§ **Information given**
--

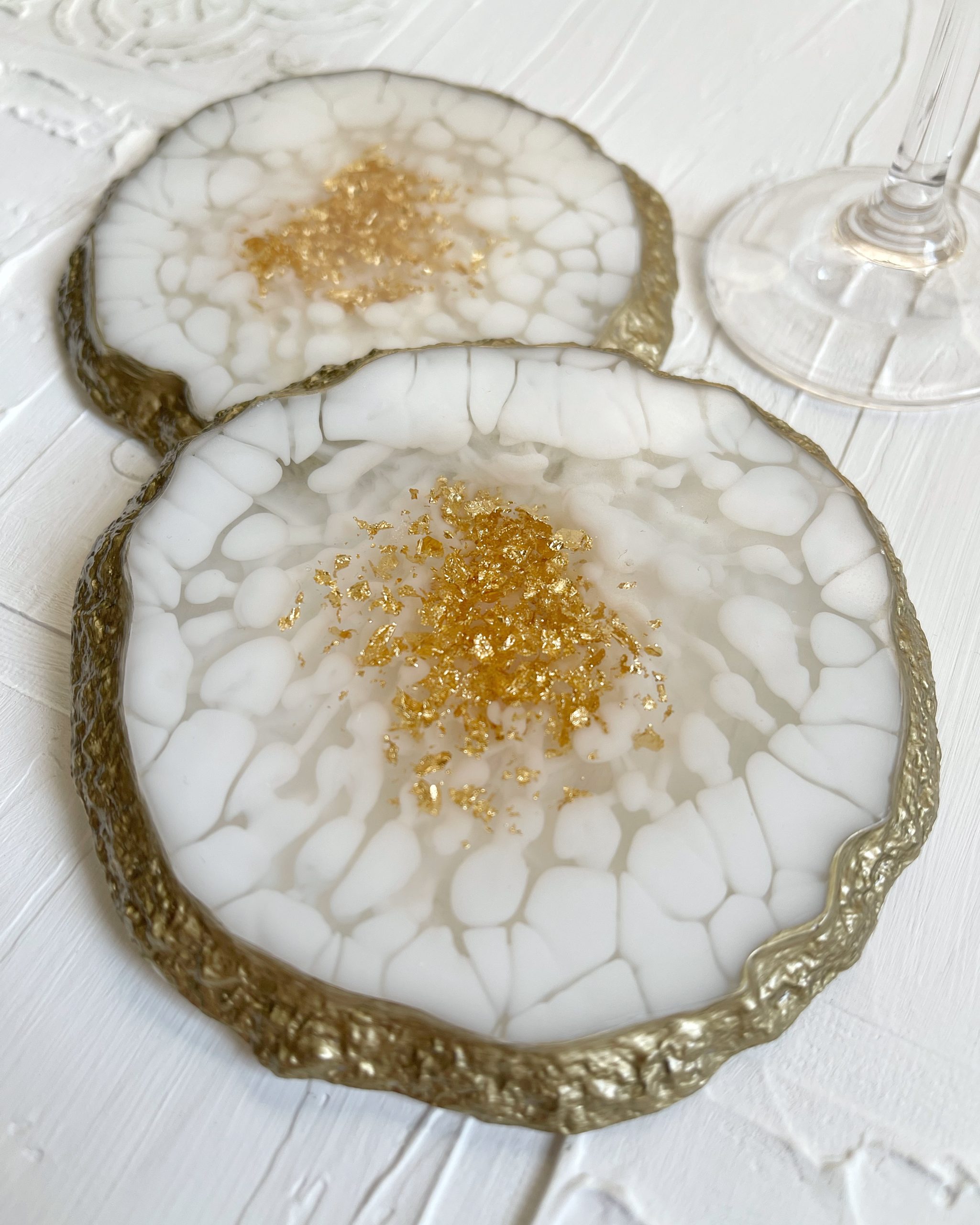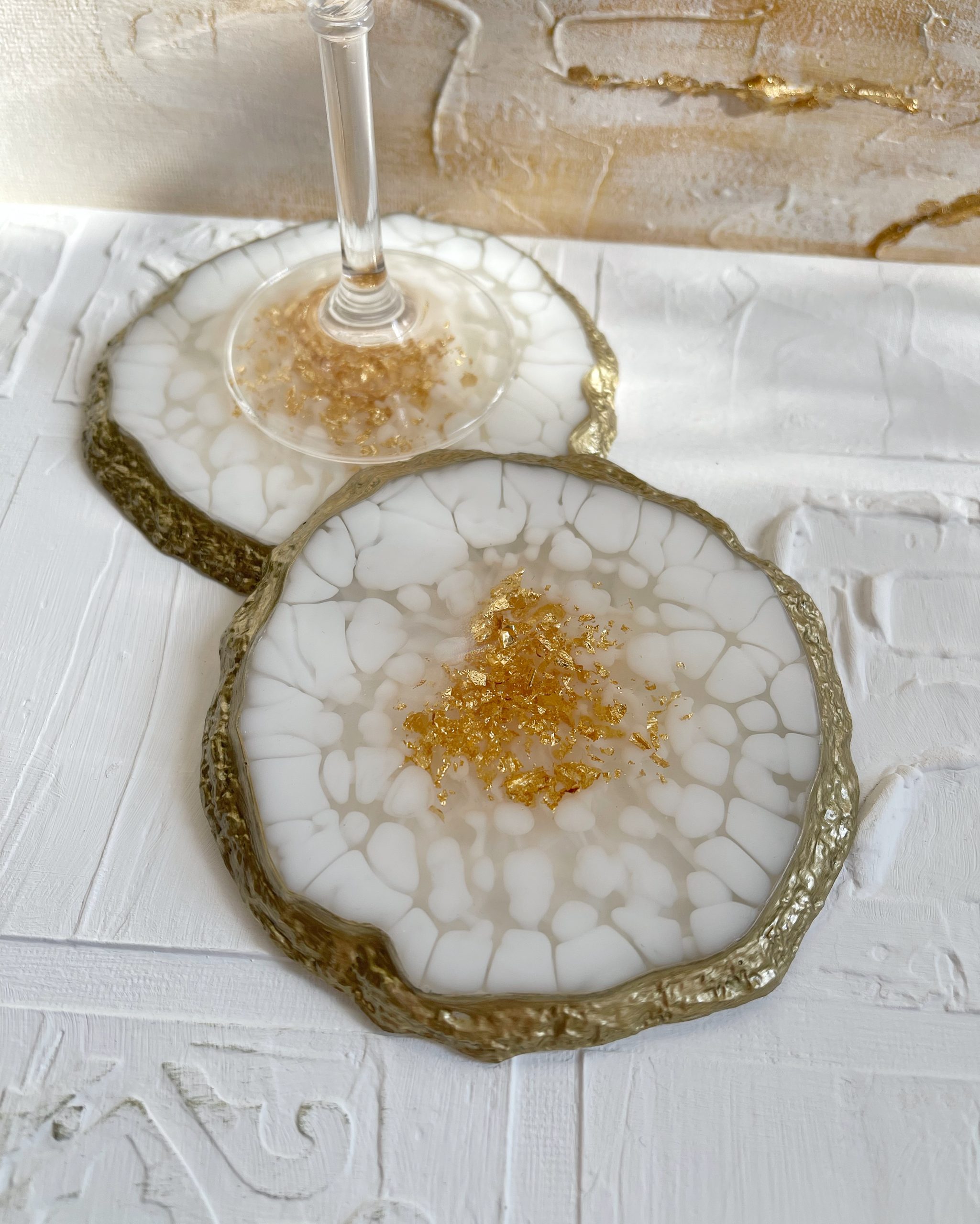 Padėkliukai pagaminti iš epoksidinės dervos Resin Art technikoje.
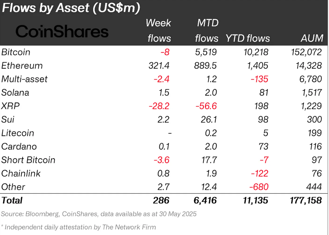 比特币停滞不前,以太坊引领2.86亿美元周加密货币投资流入 下面小编就为大家分享一篇比特币停滞不前,以太坊引领2.86亿美元周加密货币投资流入,具有很好的参考价值,希望对大家有所帮助。 比特币停滞不前,XRP再度遇阻,以太坊意外引领加密货币投资基金流入,累计周流入超3亿美元。CoinShares研究主管James Butterfill周一在博客文章中披露了加...
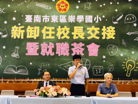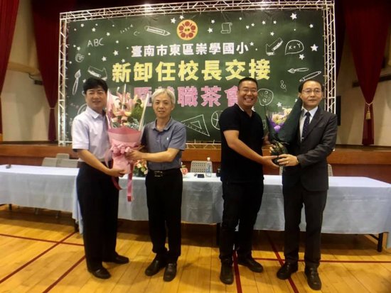 學校於 108 年 8 月 2 日上午 10:00 於本校崇學館舉行新卸任校長交接暨就職茶會,會中家長會郭育志會長,特別代表所有家長感謝即將卸任的葉和源校長,感恩葉校長 8 年任內對崇學國小的付出及貢獻。另外也期許新任校長洪榮進校長接棒繼續將崇學帶往更卓越的境界。
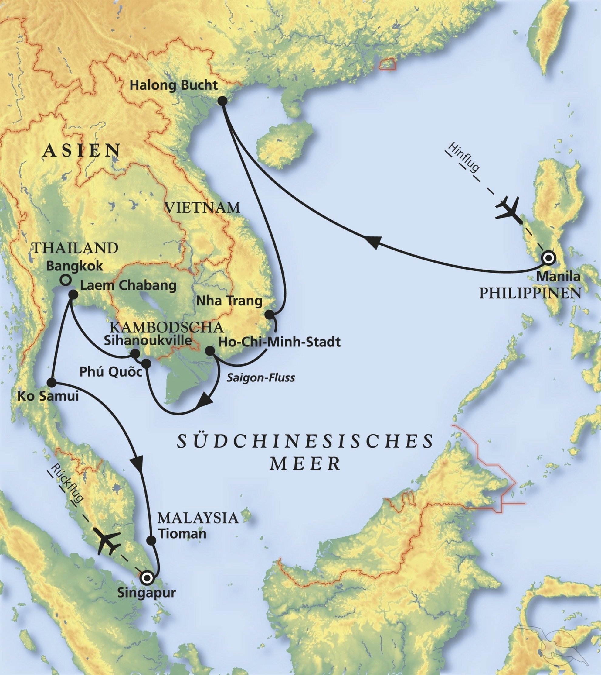 Manila - Halong Bucht - Nha Trang - Ho-Chi-Minh-Stadt - Laem Chabang - Ko Samui - Singapur
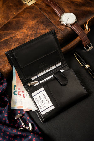 Šis elegantais vīriešu maks no Rovicky ir izgatavots no augstas kvalitātes īstas ādas, kas nodrošina izturību un stilīgu izskatu. Melnā krāsa piešķir tam klasisku un daudzpusīgu izskatu, kas piemērots jebkuram gadījumam.
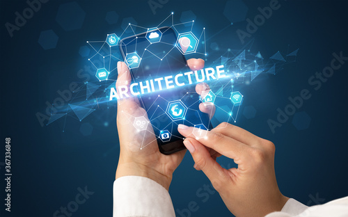 Female hand holding smartphone with ARCHITECTURE inscription, modern technology concept
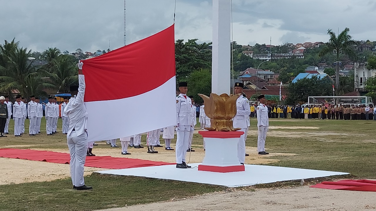 Pasukan pengibar bendera (paskibra) Kota Baubau saat mengibarkan bendera saat peringatan HUT RI ke-77 tingkat Kota Baubau
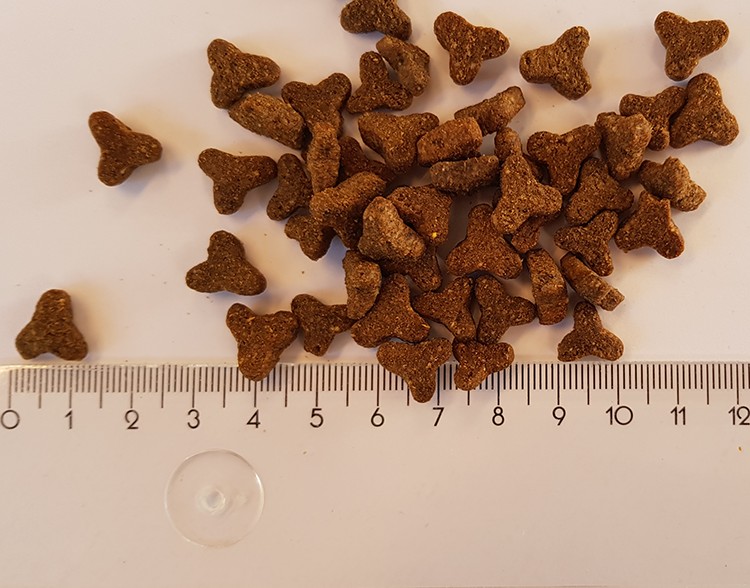 Sammanställning: torkat fjäderfä, vete, majs, ris, animaliskt proteinextrakt, cellulosa, animaliskt fett (fjäderfä, nötkött), torkad betmassa, jäst, majsgluten, fiskolja (lax), hydrolyserad kycklinglever, inulin (källa till FOS), mineraler (kaliumklorid), linfröolja (raffinerad), Yucca schidigera-extrakt.
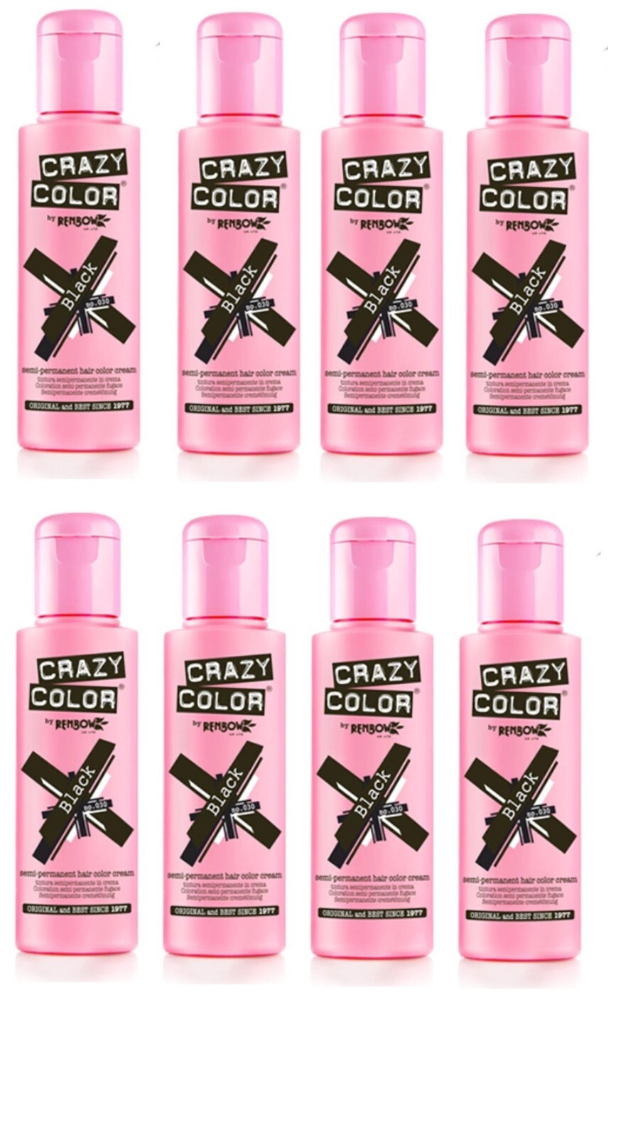 Crazy Color Semi Permanent Hair Colour 100ml - Black Pack of 8
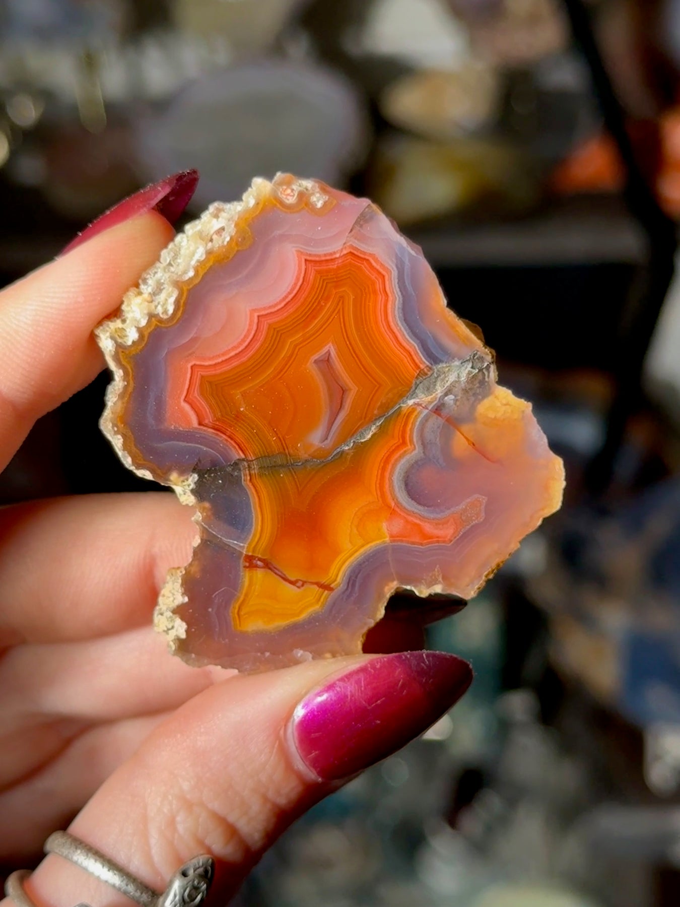 A Laguna agate displaying crisp banding and rich natural color, characteristic of material from this iconic Mexican locality, but with unique colors.Balancing · Energizing
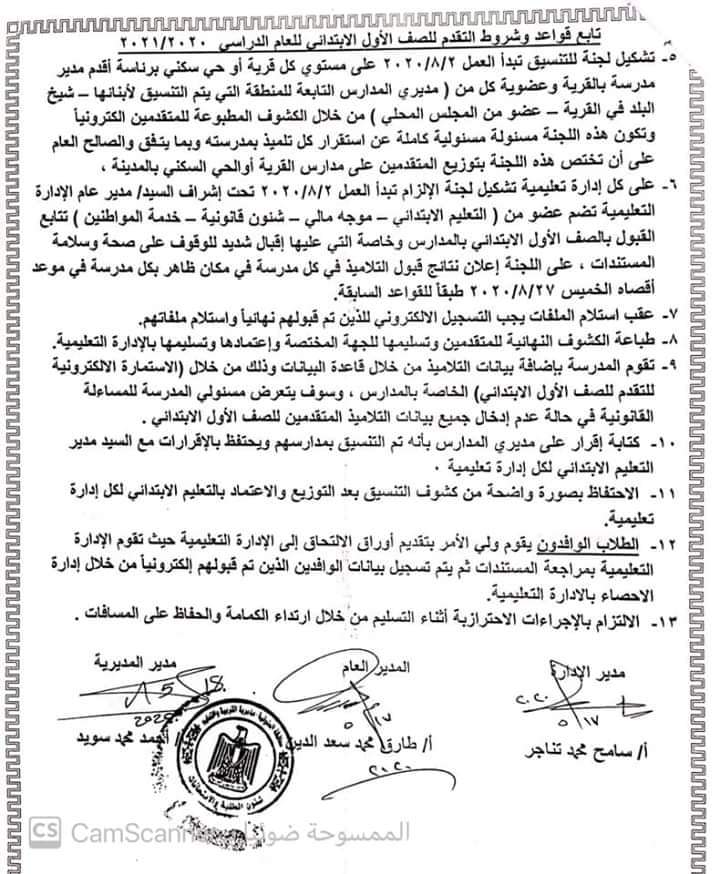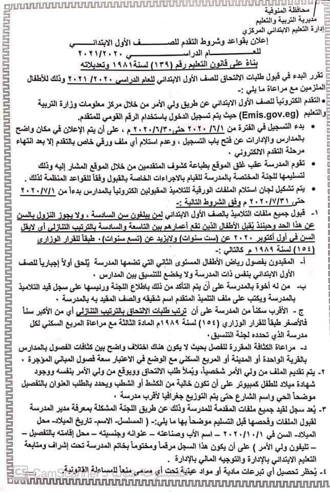 أوضح الدكتور أحمد سويد مدير مديرية التربية والتعليم بالمنوفية أنه تم فتح باب القبول لطلبات الالتحاق للصف الأول الإبتدائى لعام ٢٠٢٠_ ٢٠٢١ تحت ضوابط وهى :
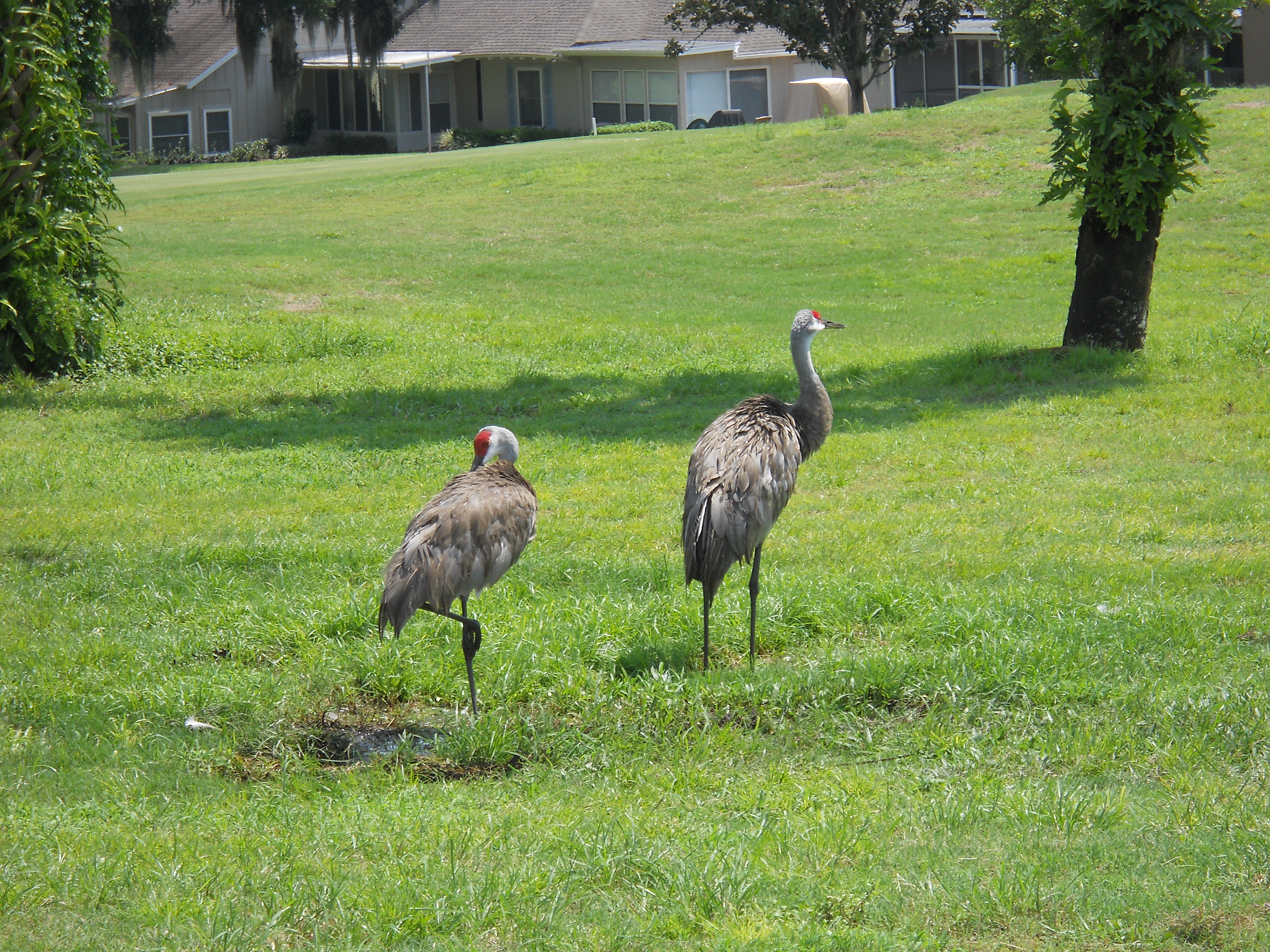 1. Those are Sand Hill Cranes. Very watchable bird. They are coming back big time in Florida. You have heard of the Whooping Crane that was almost extinct and was reintroduced by being tricked into imprinting on the Sand Hill Cranes. Note the red heads. They usually have 2 chicks and stay with them for a long time. They make a clicking sound with their beaks. You should get a book on Florida birds and try to see how many bird sightings you can “collect”. We had a rare crane at our lake a few days ago.
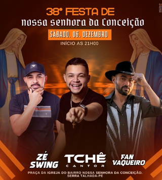 A comunidade do bairro Nossa Senhora da Conceição, em Serra Talhada, realiza no próximo sábado, 6, a 38ª edição da tradicional Festa de Nossa Senhora da Conceição. Os moradores locais e de outros bairros da cidade curtirão shows de Zé Swing, Tchê Cantor e Fan Vaqueiro.
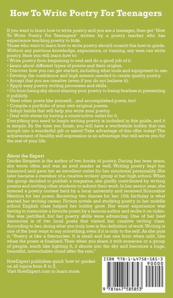If you want to learn how to write poetry and you are a teenager, then get "How To Write Poetry For Teenagers" written by a poetry teacher who has experience teaching poetry to kids. Those who want to learn how to write poetry should consult this how-to guide. Without any previous knowledge, experience, or training, any teen can write poetry. Here you will learn how to: - Write poetry from beginning to end and do a good job of it. - Learn about different types of poems and their origins. - Discover how you can get started, including what tools and equipment to use. - Develop the confidence and high esteem needed to create quality poetry. - Accept that you are creative (even if you do not believe it). - Apply easy poetry writing processes and skills. - Go from being shy about sharing your poetry to being fearless in presenting it publicly. - Meet other poets like yourself…and accomplished poets, too! - Compile a portfolio of your own original poems. - Adopt habits that will help you write your poetry. - Deal with stress by having a constructive outlet for it. Everything you need to begin writing poetry is included in this guide, and it is simple. By the time you finish, you will have a worthwhile hobby that can morph into a wonderful gift or talent! Take advantage of this offer today! The achievement of healthy self-expression is an advantage that will serve you for the rest of your life. About the Expert Deidre Simpson is the author of two books of poetry. During her teen years, she wrote often and was an avid reader as well. Writing poetry kept her balanced and gave her an excellent outlet for her emotional personality. She later became a member of a creative writers' group at her high school. When the group decided to publish a magazine, she gladly contributed by writing poems and inviting other students to submit their work. In her senior year, she entered a poetry contest held by a local university and received Honorable Mention for her poem. Receiving two diaries for her 10th birthday is what started her writing career. Fiction novels and studying poetry in her middle school English class helped her hobby grow. Her worst experience was having to memorize a favorite poem by a famous author and recite it on video. She was petrified, but her poetry skills were advancing. One of her best memories is of two local poets that visited her creative writing class. According to her, doing what you truly love is the definition of work. Writing is one of the best ways to say something, even if it is only to the self. As she puts it, "Poetry is like a firecracker. It is small and has one form when unlit, like when the poem is finalized. Then when you share it with someone or a group of people, much like lighting it, it shoots into the sky and becomes a huge, beautiful, untouchable cloud after the rain." HowExpert publishes quick 'how to' guides on all topics from A to Z by everyday experts.
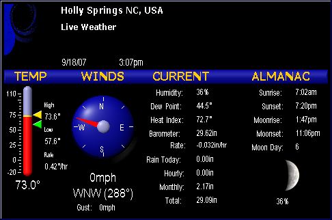 | Barometer | 29.62in Rate -0.034in/hr |
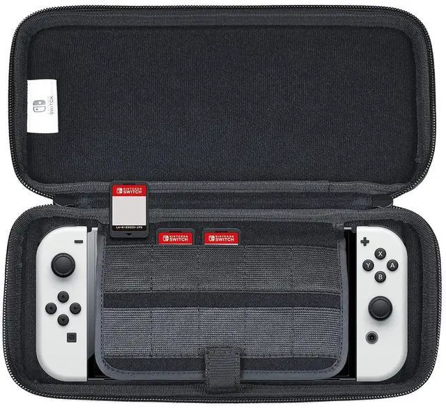 Compact Carrying Case for Nintendo Switch (OLED Model) Holds 10 Switch Game Cards and accessories High quality materials and construction Officially Licensed by Nintendo

--

§ **Problem statement**
Starting with the line that has "A Laguna agate" and going on through the line that has "أوضح الدكتور أحمد", transcribe the records above exactly, but skip the pictures.

§ **Answer section**
 A Laguna agate displaying crisp banding and rich natural color, characteristic of material from this iconic Mexican locality, but with unique colors.Balancing · Energizing
 أوضح الدكتور أحمد سويد مدير مديرية التربية والتعليم بالمنوفية أنه تم فتح باب القبول لطلبات الالتحاق للصف الأول الإبتدائى لعام ٢٠٢٠_ ٢٠٢١ تحت ضوابط وهى :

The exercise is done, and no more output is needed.